The Bucks County Commissioners this week voted to add COVID-19 vaccination sites at Neshaminy Mall and St. Luke’s Quakertown Campus, increasing the number of county-funded vaccine clinics to five.
The additional sites, expected to open by March 16, will enhance the county’s ability to administer more doses as vaccine shipments begin to ramp up. For the past three weeks, the county has operated vaccination clinics at the Bristol, Newtown and Perkasie campuses of Bucks County Community College.
Vaccine shipments to Bucks County from the Pennsylvania Department of Health have increased this week.
“We anticipate them continuing to increase next week,” said Commissioners’ vice chair Bob Harvie. “We are moving as quickly as we can to put shots in arms. We’re confident that we will be able to get enough vaccines to be able to start using those sites to their full capacity.”
The sites will operate from 11 a.m. to 7 p.m., Tuesday through Saturday. They are expected to enable vaccination of up to 500 people per site each day, depending on vaccine supply.
At their regular meeting this week in Doylestown, the commissioners approved memoranda of understanding with the former H&M store at the mall in Bensalem Township, and St. Luke’s Network and Brookfield Properties of Chicago for the use of the hospital site in Quakertown.
Neither organization is charging the county for use of its facilities as vaccination clinics, which are expected to conclude by July.
“We are grateful to both of these entities for allowing us to use their facilities,” said Margaret McKevitt, Bucks County’s chief operating officer.

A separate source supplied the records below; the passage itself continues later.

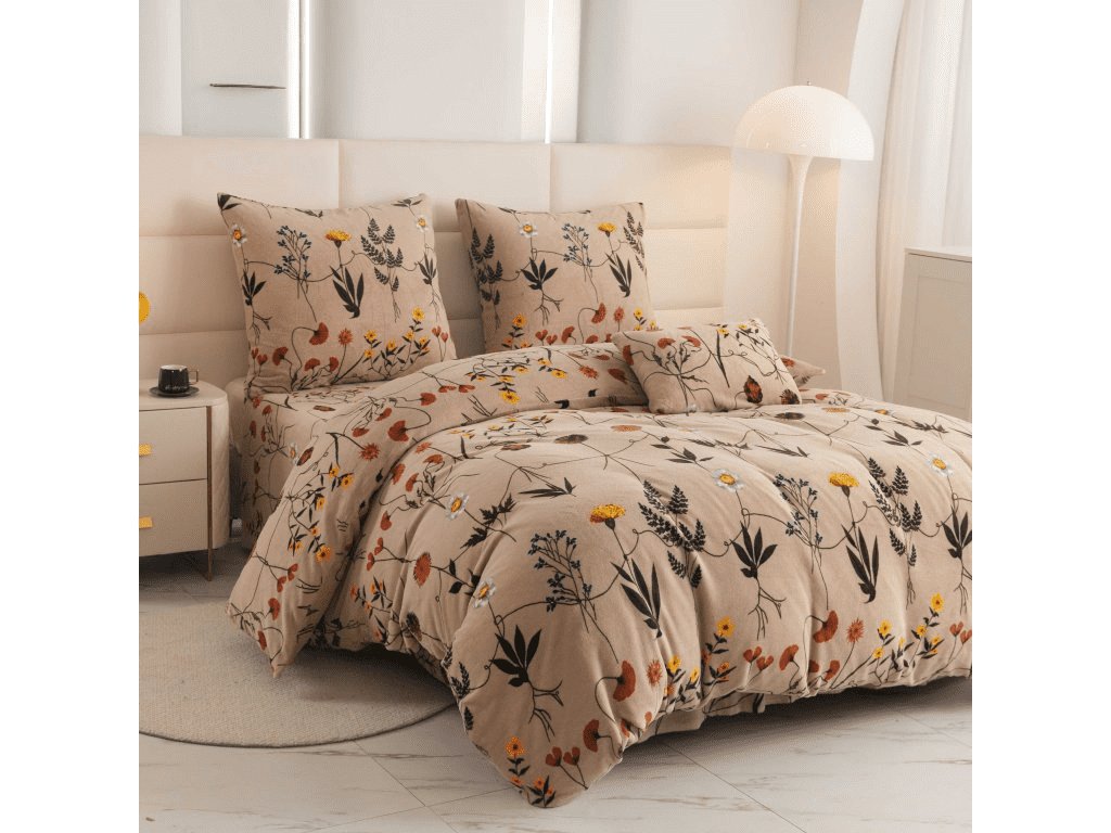Posteljnina mikropliš HERBÁRIJ bež barve
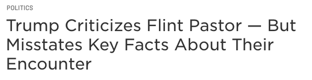 And it’s what you saw in this now-famous showdown in Flint, in which Trump meekly accepted correction in person from Pastor Faith Green Timmons, when she told him he was not supposed to be making a political speech—and then, once safely out of her gaze, flat-out lied about what had happened and had been captured on tape.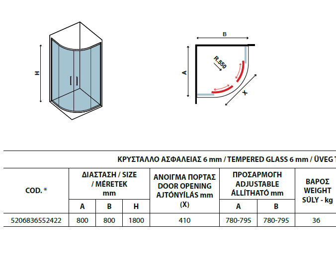 • Ακτίνα: 550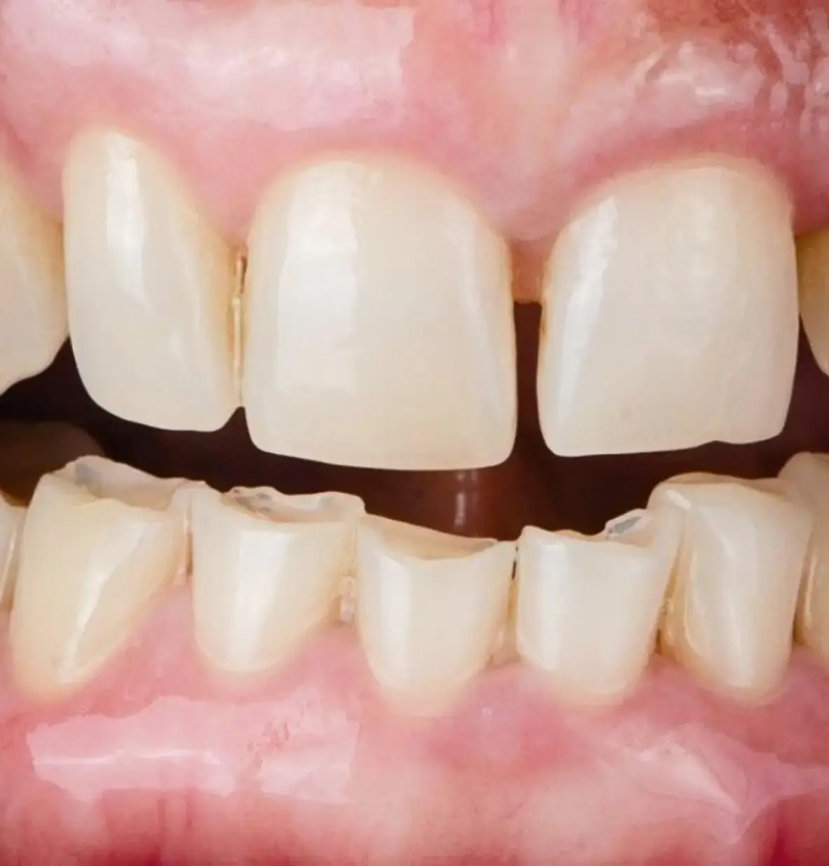 Стираемость эмали из-за неравномерной нагрузки на зубы возникает при неправильном распределении давления во время пережевывания пищи. Это приводит к быстрому износу отдельных участков поверхности зубов, вызывая повышенную чувствительность и косметический дефект.

This week, the county has double the capacity of its three community college sites, seeking to vaccinate up to 400 people per day at each location. That would be about double the rate of last week, when vaccine was less plentiful.
Through the end of last week, Bucks County providers had received 108,690 doses of Pfizer and Moderna vaccine. Less than one-fifth of those doses have gone to the Bucks County Health Department for use at its clinics, where healthcare workers, senior citizens, people with qualifying health conditions and others eligible for Phase 1A vaccinations have been served.
A total of 11,028 doses of vaccine were administered countywide last week, including 2,975 at the county-financed clinics. As of late Wednesday, the community college clinics had administered more than 10,000 doses since opening on Feb. 16.
The county is operating its clinics through a contract with AMI Expeditionary Healthcare, which is staffing the sites and administering the vaccinations. The Neshaminy Mall and St. Luke’s sites will be administering first doses of the Pfizer vaccine, while the community college sites will begin focusing on second doses in the coming weeks.
The county is currently scheduling vaccination appointments for those who pre-registered on or before Jan. 17. More than 150,000 people pre-registered in the 1A category for vaccinations. Click here to pre-register.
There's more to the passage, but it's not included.